Nell’ambito di questa esperienza si mette alla prova come
sceneggiatore, regista e attore teatrale, prima di dedicarsi,
sul finire degli anni ’80, al cinema.
Per
il suo esordio nel lungometraggio Sheridan sceglie una storia
che lo riporta nella madre patria. Il mio piede sinistro
(1989) narra la vita dell’irlandese Christy Brown (Daniel
Day-Lewis) e di come riuscì, lui paraplegico fin dalla nascita,
a diventare pittore e scrittore di successo: grazie al suo piede
sinistro, appunto, oltre che all’amore della madre (Brenda
Fricker) e dell’affollatissima, e poverissima, famiglia.

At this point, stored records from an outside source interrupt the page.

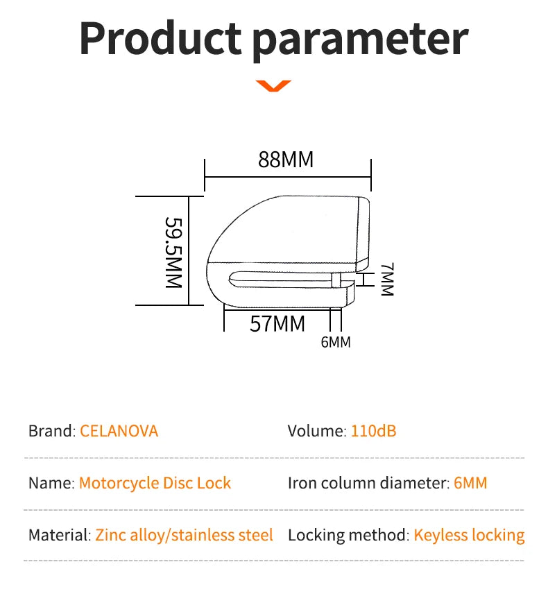 Press the lock core,it will be locked and you will hear the sound "DU", which means it is coming into alarm status,after 5 seconds,When the lock or vehicle is vibrated,the lock will give an alarm"DU DU DU" three sounds,when the lock is vibrated again,after 5 seconds,it will give an alarm and keep alarm with serial vibration.Eeach alarm will last for 10 seconds.
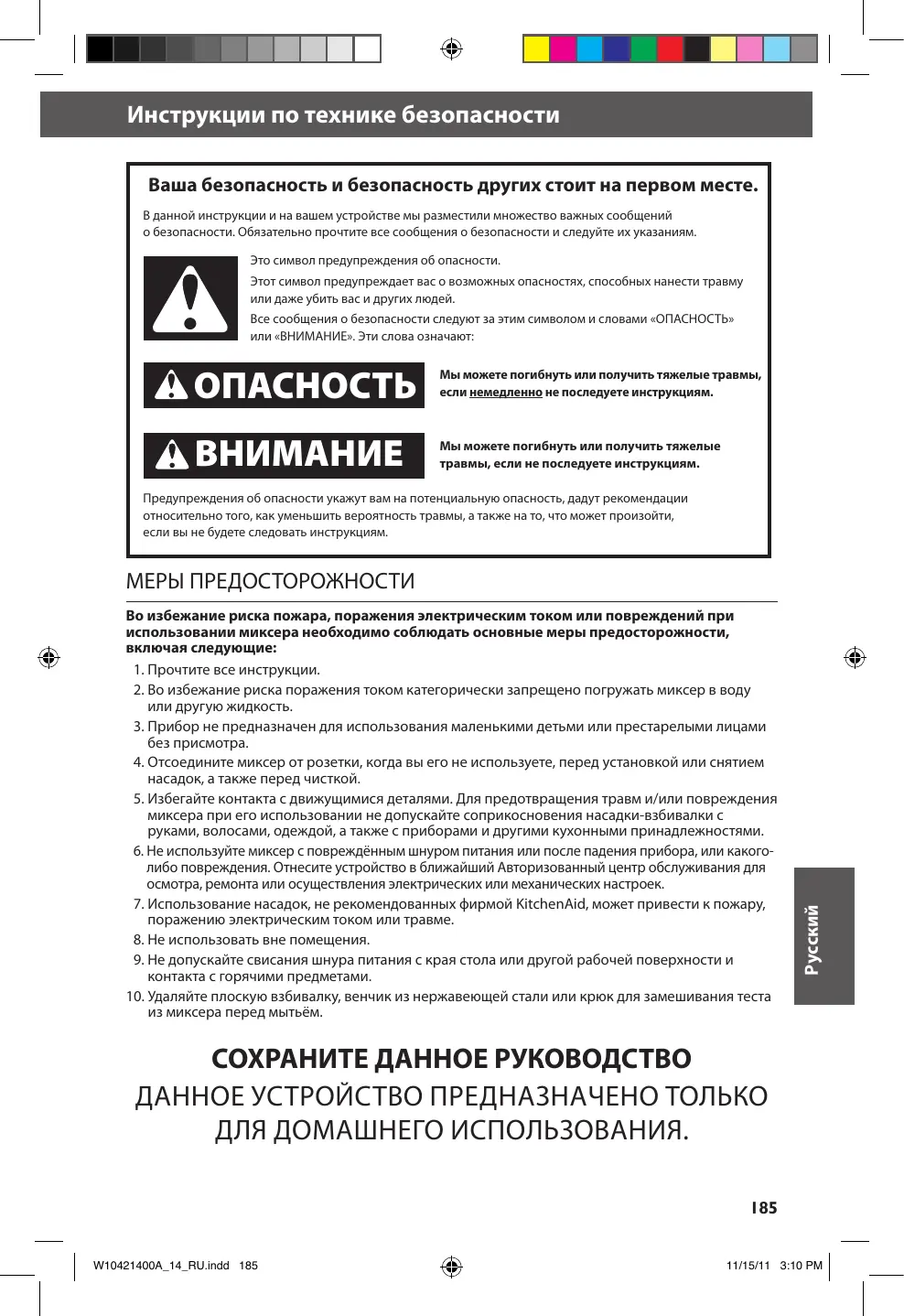 РУКОВОДСТВО ПОЛЬЗОВАТЕЛЯ 5KSM7580, 5KSM7580XEMS KITCHENAID
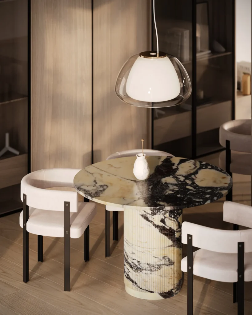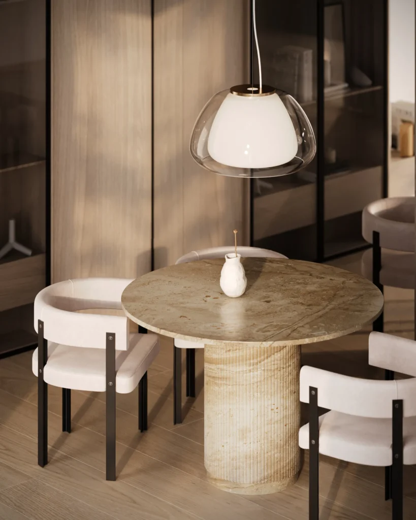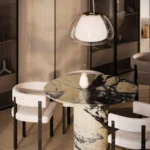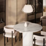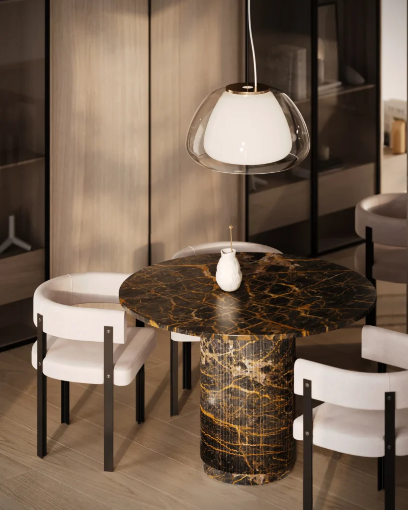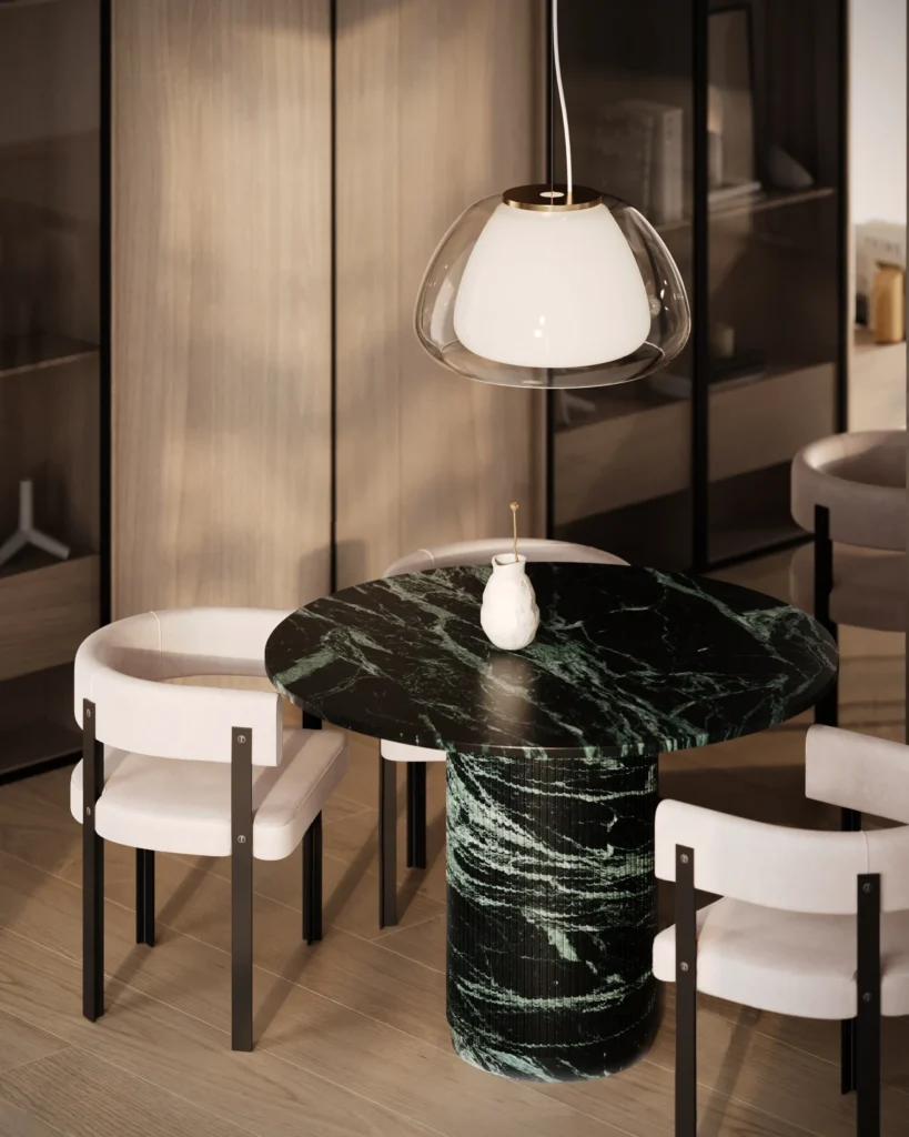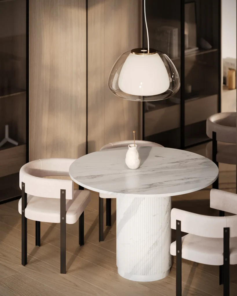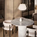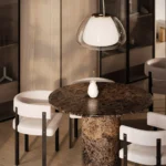 Trpezarijski sto Rondo karakteriše se izuzetnim dizajnom sa masivnom konstrukcijom koja je izrađena od osmougaonih segmenata, što mu daje specifičan i elegantan izgled. Ova jedinstvena konstrukcija pruža stabilnost i čvrstinu, dok u isto vreme stvara vizuelni utisak modernog luksuza. Ploča stola ima oblog oblik, što dodaje mekoću i harmoničnost celokupnom dizajnu. Rondo sto je idealan izbor za one koji žele da unesu sofisticiranost i snažnu, ali elegantnu formu u svoj trpezarijski prostor.
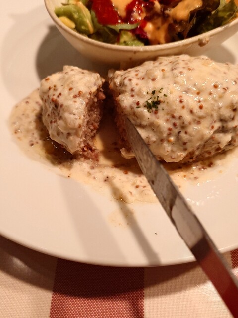 ハンバーグはピンク&ブラックペッパー、ソースはヨーグルトマスタードを選びましたが、この組合せは正直言って失敗。香辛料が複雑に絡みすぎて肉の味が隠れてしまいました。3種チーズにデミグラスソースの組み合わせが美味しかったようです。
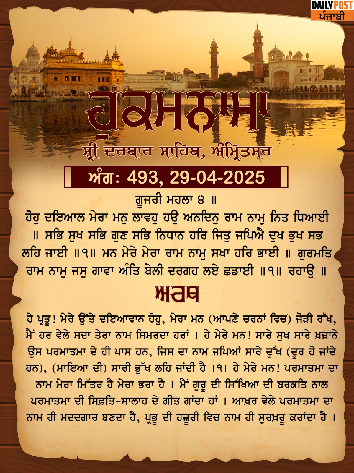 ਸ੍ਰੀ ਦਰਬਾਰ ਸਾਹਿਬ ਤੋਂ ਅੱਜ ਦਾ ਹੁਕਮਨਾਮਾ 29-4-2025
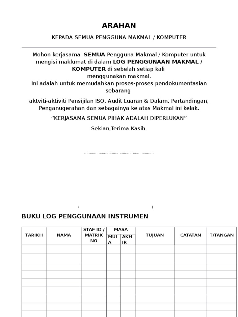 Buku Log Makmal Komputer Words Download Rekod Penggunaan Bilik Komputer Savesave Buku Log Penggunaan Makmal Komputer For Later Basuki Gunawan
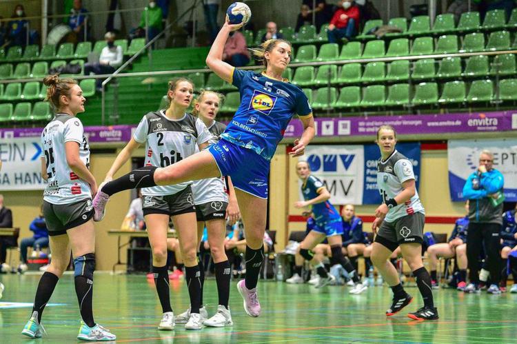 Sara Senvald (am Ball), hier noch im Trikot der Neckarsulmerinnen gegen den Buxtehuder SV, wird zu einem anderen Verein wechseln. Foto: Imago Images / Foto2press
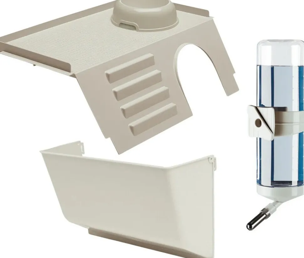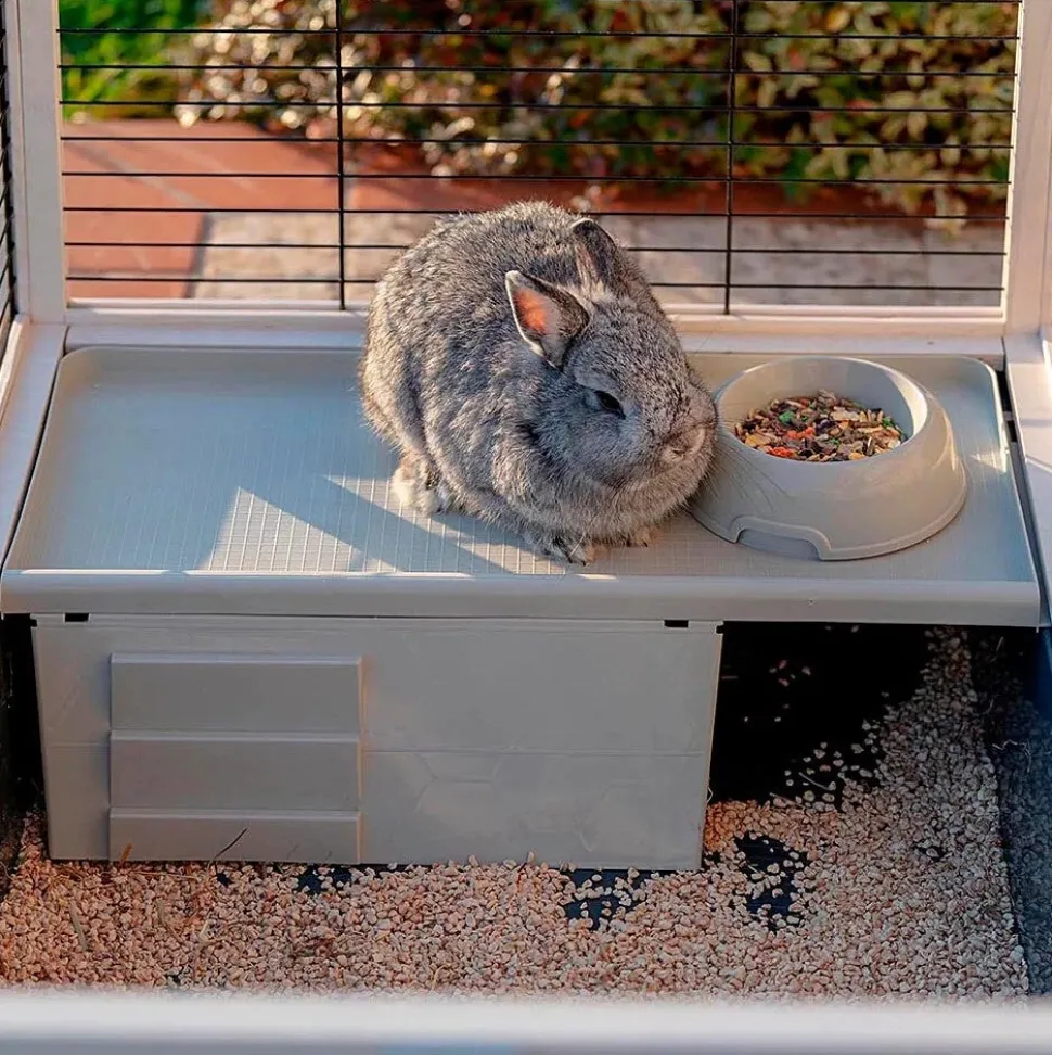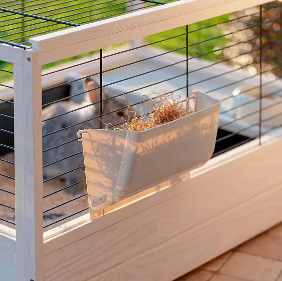 Dieser Kaninchenstall ist mit allem Komfort ausgestattet, um dein Haustier von Anfang an willkommen zu heißen: Heuraufe, Futterschale aus Kunststoff und Trinkflasche, ein Haus mit praktischem Dach und Leiter. Das Ganze ist sehr stabil und mit Füßen ausgestattet, die einen perfekten Stand gewährleisten.

Non c’è bisogno di sottolinearlo:
siamo di fronte a una tipica “storia vera” di disgrazia e
resurrezione, filone amatissimo da Hollywood (che guarda caso
premiò con l’Oscar per le migliori interpretazioni tanto Daniel
Day-Lewis quanto Brenda Fricker). Detto questo, va riconosciuto
però che il film riesce laddove molti, nel suo
genere,
falliscono: flirtare con il patetismo senza concedervisi mai. A
salvarlo dal pantano sentimentalista concorrono una robusta dose
di ironia e un taglio favolistico che ne fanno, più che un
film-verità, un apologo morale sulla forza del gruppo (della
comunità familiare) prima ancora che del singolo. Sheridan ci
offre così, per questa via, anche il ritratto affettuoso della
quotidianità non spensierata, ma disperata mai, di una famiglia
operaia irlandese a cavallo della metà del Novecento. E laddove
il regista, sul piano della storia, mira alla favola morale, nel
ritratto punta invece sul realismo dei particolari: gli interni
umili e angusti, i letti sovraffollati, la dieta a base di zuppa
d’avena; e poi il pub, pinte su pinte birra, le partite di
pallone per le strade del quartiere, il furto del carbone per
l’inverno. Una cosa, più in generale, appare certa: Sheridan non
filma l’Irlanda dei grandi spazi verdi, dell’idillio campestre
privilegiato da tanto cinema hollywoodiano. Anzi: la natura, in
questo film, è programmaticamente quasi assente. L’ambientazione
pressoché esclusiva è quella della casa dei Brown, nel piccolo
quartiere operaio. Scelta significativa, apertamente polemica in
quanto volta a mostrare il lato meno folkloristico, e meno
divulgato, dell’Irlanda.
Interessante infine sottolineare
come il film sia stato coprodotto dalla RTÈ (Radio Telefìs
Èireann), e in parte girato negli Studi Ardmore.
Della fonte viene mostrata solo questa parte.